J'en avais fait partie. L'idée de raconter par le menu ce que s'était passé hier soir était désagréable. J'aurais voulu garder cela pour moi, en constituer un charmant souvenir.

On me demandait de l'exposer sans fard, brutalement, comme un médecin légiste dissèque un mort.

Je m'exécutai et de manière chirurgicale j'énumérai les événements, sans pour autant y ajouter une opinion, un qualificatif.

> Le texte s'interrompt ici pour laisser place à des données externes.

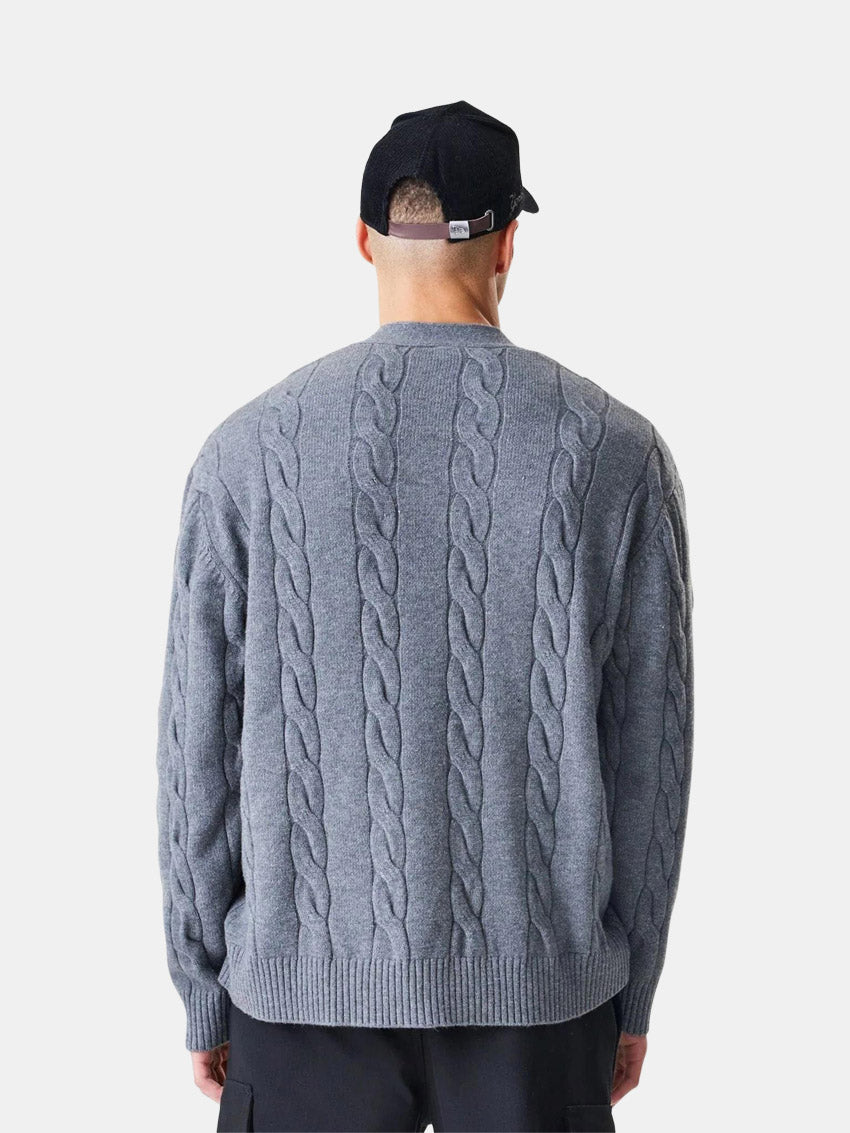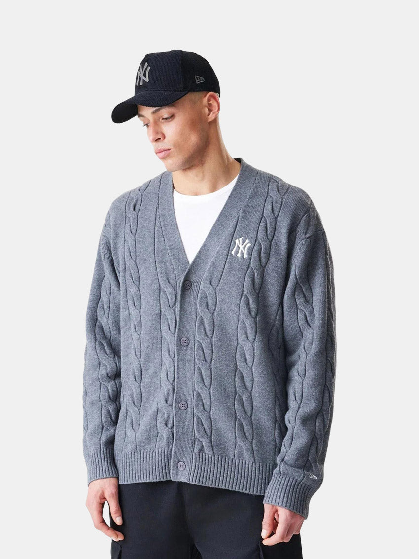 Kabelstrikket cardigan i mørkegrå med ikonisk New York Yankees-logo broderet på brystet fra New Era.

-          Quand l'épisode du taxi fut fini, l'inspecteur opina du chef : nous vous remercions mademoiselle, votre témoignage coïncide avec la chronologie des faits.

-          La mort du général Kepler est-elle criminelle inspecteur ?

-          C'est un peu tôt pour le dire. Toutefois la thèse de l'accident domestique me semble la plus plausible. Son décès serait dû à une intoxication par de l'encens. On l'a retrouvé asphyxié dans son lit.

 

Je me rendis chez André dans l'heure. Dans mon esprit je l'appelais par son prénom pour la première fois, alors que de son vivant je n'avais jamais osé le faire.

J'en avais l'intention lors de notre prochaine rencontre, comme j'avais l'intention aussi de l'embrasser et de lui appartenir.

Sa mort me volait une histoire d'amour. Ma première histoire d'amour, celle que je voulais découvrir, consommer, déguster.

Je fis le chemin à pied jusqu'à la grille de l'hôtel particulier. Une foule d'anonymes et de proches campaient là. Quelques privilégiés y rentraient avec la bénédiction de la vielle femme, toujours aussi voutée et lente. Elle scannait du regard les uns et les autres, disaient oui ou non, selon qu'ils fussent ou pas de la famille du général.

Vint mon tour, un seul regard et un oui franc et massif. Le portail s'ouvrit pour moi seule. Un majordome se posa à ma hauteur et me demanda de le suivre. J'avais droit à un traitement particulier. Le chemin de graviers, le hall, le cahier de condoléances posé sur une desserte, quelques bouquets de fleurs sur le sol autour, l'escalier, les 40 marches menant à l'étage, cette chambre sur la droite furent autant de préambules à une scène dont je redoutais la vision : le cadavre de l'homme que j'aimais.

Pour la première fois, je le vis torse nu et découvris estomaquée un détail qui changea tout : deux grains de beauté en dessous du nombril

J'avais les mêmes au même endroit.

Dès lors je sus que l'homme avec qui je voulais faire ma vie était mon père biologique.